**Data provided**
****************************************
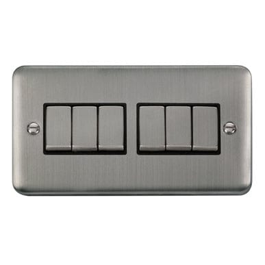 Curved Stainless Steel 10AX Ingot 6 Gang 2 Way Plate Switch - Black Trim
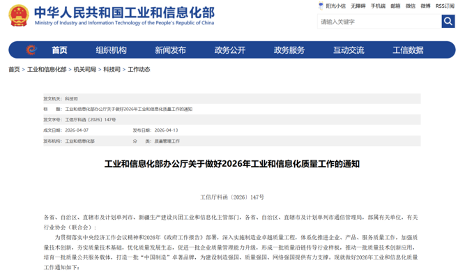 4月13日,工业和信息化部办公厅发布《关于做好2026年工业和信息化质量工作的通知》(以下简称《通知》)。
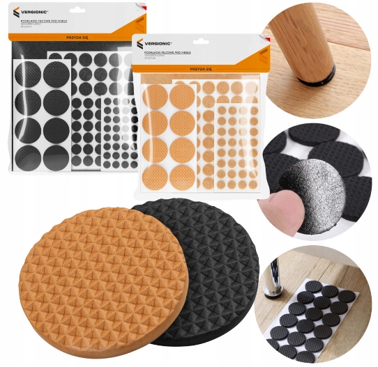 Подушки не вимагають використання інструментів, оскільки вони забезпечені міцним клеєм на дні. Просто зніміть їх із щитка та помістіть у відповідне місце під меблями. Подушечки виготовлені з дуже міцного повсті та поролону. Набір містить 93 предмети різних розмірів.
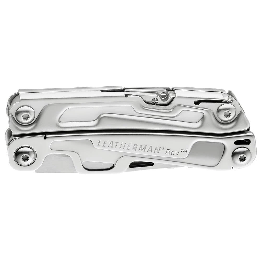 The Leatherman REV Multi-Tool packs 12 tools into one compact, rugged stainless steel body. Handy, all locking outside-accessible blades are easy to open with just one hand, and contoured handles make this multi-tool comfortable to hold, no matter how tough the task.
****************************************
**Exercise details**
Return the material as it stands. Leave out the pictures.

**Exercise result**
 Curved Stainless Steel 10AX Ingot 6 Gang 2 Way Plate Switch - Black Trim
 4月13日,工业和信息化部办公厅发布《关于做好2026年工业和信息化质量工作的通知》(以下简称《通知》)。
 Подушки не вимагають використання інструментів, оскільки вони забезпечені міцним клеєм на дні. Просто зніміть їх із щитка та помістіть у відповідне місце під меблями. Подушечки виготовлені з дуже міцного повсті та поролону. Набір містить 93 предмети різних розмірів.
 The Leatherman REV Multi-Tool packs 12 tools into one compact, rugged stainless steel body. Handy, all locking outside-accessible blades are easy to open with just one hand, and contoured handles make this multi-tool comfortable to hold, no matter how tough the task.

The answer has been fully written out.